◆ WHAT THIS TASK INVOLVES
Make an exact copy of the listing so that no picture is carried over.

### INPUT DATA

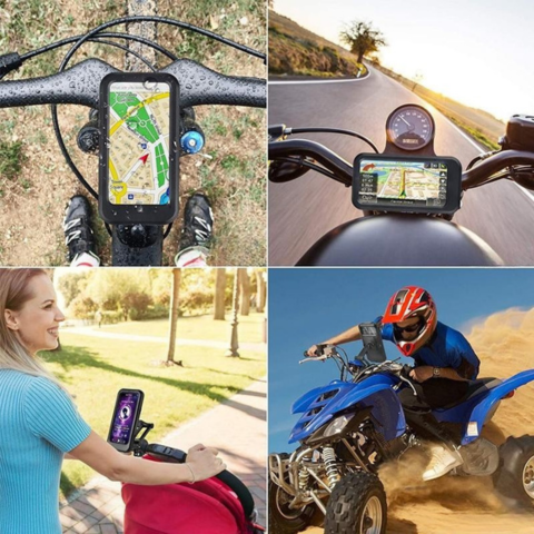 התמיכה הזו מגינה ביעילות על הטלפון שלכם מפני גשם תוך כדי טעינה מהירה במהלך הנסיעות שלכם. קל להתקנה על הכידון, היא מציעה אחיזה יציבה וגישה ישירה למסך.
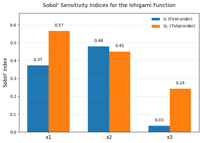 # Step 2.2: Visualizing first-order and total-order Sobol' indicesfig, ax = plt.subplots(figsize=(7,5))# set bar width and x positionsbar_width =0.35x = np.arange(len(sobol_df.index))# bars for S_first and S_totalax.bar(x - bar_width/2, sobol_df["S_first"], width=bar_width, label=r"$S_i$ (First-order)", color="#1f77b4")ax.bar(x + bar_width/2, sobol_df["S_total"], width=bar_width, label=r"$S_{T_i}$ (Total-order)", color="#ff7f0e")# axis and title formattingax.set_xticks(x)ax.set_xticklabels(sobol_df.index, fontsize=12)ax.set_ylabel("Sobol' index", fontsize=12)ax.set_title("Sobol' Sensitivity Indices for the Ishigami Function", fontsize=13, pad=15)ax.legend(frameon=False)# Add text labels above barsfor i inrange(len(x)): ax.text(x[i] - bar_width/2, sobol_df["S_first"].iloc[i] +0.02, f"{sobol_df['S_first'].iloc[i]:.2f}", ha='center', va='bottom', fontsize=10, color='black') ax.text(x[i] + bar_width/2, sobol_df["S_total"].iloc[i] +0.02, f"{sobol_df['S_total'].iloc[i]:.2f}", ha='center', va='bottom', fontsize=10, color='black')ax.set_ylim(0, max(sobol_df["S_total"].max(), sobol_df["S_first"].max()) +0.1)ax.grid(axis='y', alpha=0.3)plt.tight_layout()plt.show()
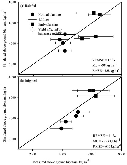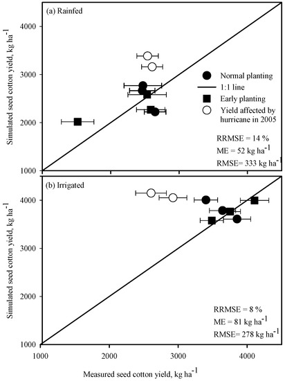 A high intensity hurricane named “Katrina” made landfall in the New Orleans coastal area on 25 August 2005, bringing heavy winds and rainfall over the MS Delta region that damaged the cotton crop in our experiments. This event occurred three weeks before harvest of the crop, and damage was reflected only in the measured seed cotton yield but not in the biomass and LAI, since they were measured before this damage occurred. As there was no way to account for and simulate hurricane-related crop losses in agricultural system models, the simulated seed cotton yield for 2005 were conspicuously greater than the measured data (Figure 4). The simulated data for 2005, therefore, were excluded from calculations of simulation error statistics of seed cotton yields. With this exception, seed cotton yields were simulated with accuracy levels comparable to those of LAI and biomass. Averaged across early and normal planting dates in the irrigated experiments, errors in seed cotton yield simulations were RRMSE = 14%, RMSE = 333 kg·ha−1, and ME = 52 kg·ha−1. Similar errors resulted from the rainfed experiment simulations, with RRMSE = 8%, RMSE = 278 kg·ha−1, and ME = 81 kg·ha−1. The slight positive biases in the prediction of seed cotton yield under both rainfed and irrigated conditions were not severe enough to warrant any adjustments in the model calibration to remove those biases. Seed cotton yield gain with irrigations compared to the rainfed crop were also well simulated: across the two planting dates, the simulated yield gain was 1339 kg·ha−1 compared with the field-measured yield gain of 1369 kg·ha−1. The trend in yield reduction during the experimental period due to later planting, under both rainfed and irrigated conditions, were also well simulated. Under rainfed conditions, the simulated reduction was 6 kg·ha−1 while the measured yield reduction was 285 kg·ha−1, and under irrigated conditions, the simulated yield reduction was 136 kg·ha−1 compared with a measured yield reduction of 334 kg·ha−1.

######

◆ YOUR RESPONSE
 התמיכה הזו מגינה ביעילות על הטלפון שלכם מפני גשם תוך כדי טעינה מהירה במהלך הנסיעות שלכם. קל להתקנה על הכידון, היא מציעה אחיזה יציבה וגישה ישירה למסך.
 # Step 2.2: Visualizing first-order and total-order Sobol' indicesfig, ax = plt.subplots(figsize=(7,5))# set bar width and x positionsbar_width =0.35x = np.arange(len(sobol_df.index))# bars for S_first and S_totalax.bar(x - bar_width/2, sobol_df["S_first"], width=bar_width, label=r"$S_i$ (First-order)", color="#1f77b4")ax.bar(x + bar_width/2, sobol_df["S_total"], width=bar_width, label=r"$S_{T_i}$ (Total-order)", color="#ff7f0e")# axis and title formattingax.set_xticks(x)ax.set_xticklabels(sobol_df.index, fontsize=12)ax.set_ylabel("Sobol' index", fontsize=12)ax.set_title("Sobol' Sensitivity Indices for the Ishigami Function", fontsize=13, pad=15)ax.legend(frameon=False)# Add text labels above barsfor i inrange(len(x)): ax.text(x[i] - bar_width/2, sobol_df["S_first"].iloc[i] +0.02, f"{sobol_df['S_first'].iloc[i]:.2f}", ha='center', va='bottom', fontsize=10, color='black') ax.text(x[i] + bar_width/2, sobol_df["S_total"].iloc[i] +0.02, f"{sobol_df['S_total'].iloc[i]:.2f}", ha='center', va='bottom', fontsize=10, color='black')ax.set_ylim(0, max(sobol_df["S_total"].max(), sobol_df["S_first"].max()) +0.1)ax.grid(axis='y', alpha=0.3)plt.tight_layout()plt.show()
 A high intensity hurricane named “Katrina” made landfall in the New Orleans coastal area on 25 August 2005, bringing heavy winds and rainfall over the MS Delta region that damaged the cotton crop in our experiments. This event occurred three weeks before harvest of the crop, and damage was reflected only in the measured seed cotton yield but not in the biomass and LAI, since they were measured before this damage occurred. As there was no way to account for and simulate hurricane-related crop losses in agricultural system models, the simulated seed cotton yield for 2005 were conspicuously greater than the measured data (Figure 4). The simulated data for 2005, therefore, were excluded from calculations of simulation error statistics of seed cotton yields. With this exception, seed cotton yields were simulated with accuracy levels comparable to those of LAI and biomass. Averaged across early and normal planting dates in the irrigated experiments, errors in seed cotton yield simulations were RRMSE = 14%, RMSE = 333 kg·ha−1, and ME = 52 kg·ha−1. Similar errors resulted from the rainfed experiment simulations, with RRMSE = 8%, RMSE = 278 kg·ha−1, and ME = 81 kg·ha−1. The slight positive biases in the prediction of seed cotton yield under both rainfed and irrigated conditions were not severe enough to warrant any adjustments in the model calibration to remove those biases. Seed cotton yield gain with irrigations compared to the rainfed crop were also well simulated: across the two planting dates, the simulated yield gain was 1339 kg·ha−1 compared with the field-measured yield gain of 1369 kg·ha−1. The trend in yield reduction during the experimental period due to later planting, under both rainfed and irrigated conditions, were also well simulated. Under rainfed conditions, the simulated reduction was 6 kg·ha−1 while the measured yield reduction was 285 kg·ha−1, and under irrigated conditions, the simulated yield reduction was 136 kg·ha−1 compared with a measured yield reduction of 334 kg·ha−1.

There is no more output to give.